AP Calculus BC 7.8 Exponential Models with Differential Equations Study Notes - New Syllabus
AP Calculus BC 7.8 Exponential Models with Differential Equations Study Notes- New syllabus
AP Calculus BC 7.8 Exponential Models with Differential Equations Study Notes – AP Calculus BC- per latest AP Calculus BC Syllabus.
LEARNING OBJECTIVE
- Solving differential equations allows us to determine functions and develop models.
Key Concepts:
- Exponential Models with Differential Equations
Exponential Models with Differential Equations
Exponential Models with Differential Equations
Exponential models describe situations where the rate of change of a quantity is proportional to the quantity itself. These are common in contexts such as population growth, radioactive decay, cooling, and finance. Such models can be expressed as first-order differential equations.
The general form is:
\(\dfrac{dy}{dt} = ky\)
where:
- \(y\) is the quantity at time \(t\)
- \(k\) is the constant of proportionality
- \(k > 0\) models exponential growth
- \(k < 0\) models exponential decay
Solution to the General Exponential Model:
Solving \(\dfrac{dy}{dt} = ky\) by separation of variables:
\( \frac{1}{y} \, dy = k \, dt \) Integrating: \( \ln|y| = kt + C \)

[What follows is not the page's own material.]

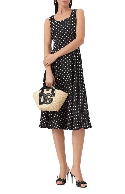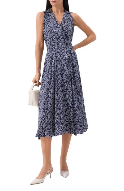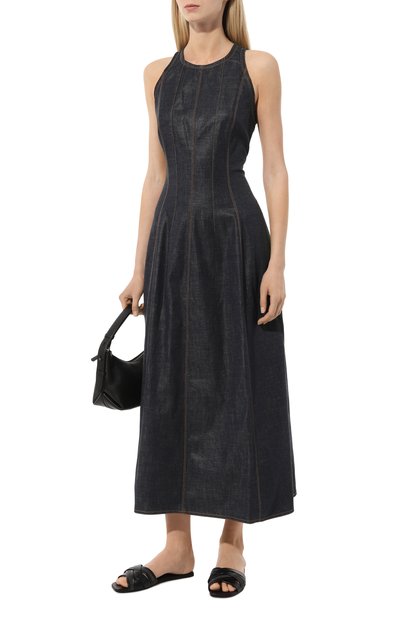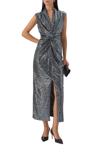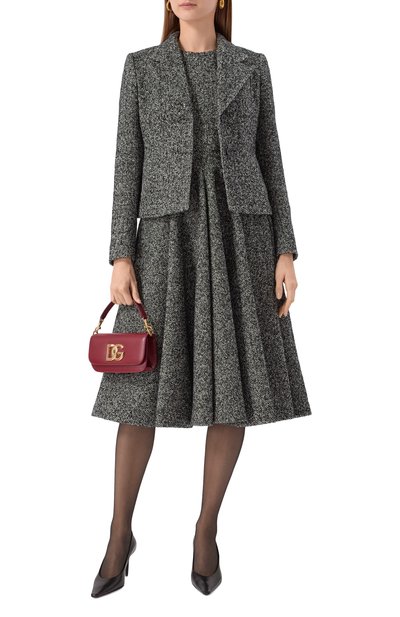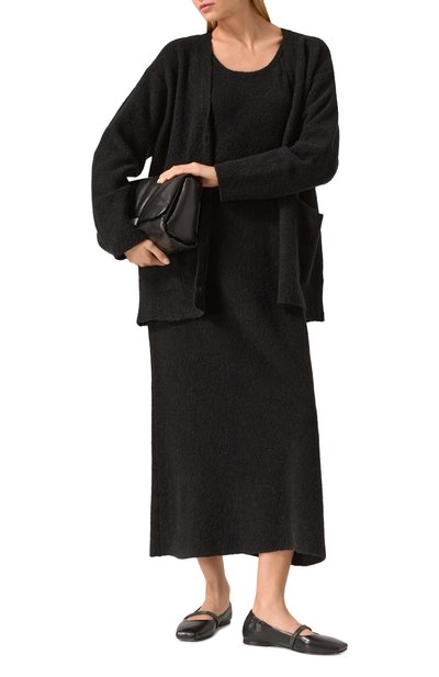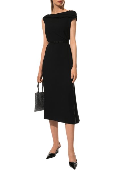 Меланжевое платье с потайной молнией сзади сшили из смесовой буклированной ткани на основе полиэстера. Миди-модель с двумя боковыми карманами дополнили тонким съемным поясом.

Exponentiating: \( y = Ae^{kt} \) where \(A\) is a constant determined by initial conditions.
Key Notes:
- If \(y(0) = y_0\), then \(A = y_0\) and the solution is: \( y = y_0 e^{kt} \)
- The sign of \(k\) determines growth (\(k > 0\)) or decay (\(k < 0\)).

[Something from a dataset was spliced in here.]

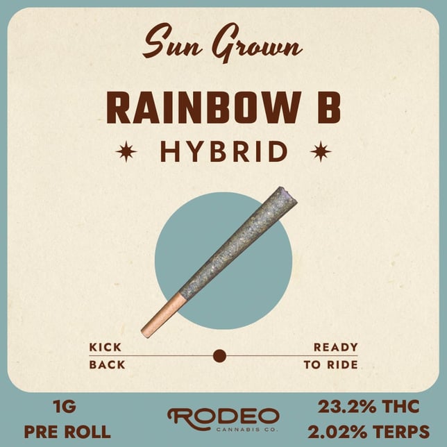 Rodeo Sun Grown Rainbow B. Hybrid 0.5g Preroll 2pk is made with sun grown cannabis selected for its vibrant flavor and terpene-rich profile. This hybrid preroll delivers smooth, aromatic smoke with bright, fruity notes balanced by light earthy undertones. Grown under natural sunlight and high in terpenes, Rainbow B. offers a balanced and flavorful option for any time of day. This 0.5g preroll provides an easy, ready-to-enjoy way to experience full-spectrum flower with true strain character.

- Half-life, doubling time, and other time constants can be found using logarithmic properties.
Procedure for Solving Exponential Models:
- Write the problem as a differential equation of the form \(\dfrac{dy}{dt} = ky\).
- Separate variables and integrate to find the general solution \(y = Ae^{kt}\).
- Apply the given initial condition to find \(A\).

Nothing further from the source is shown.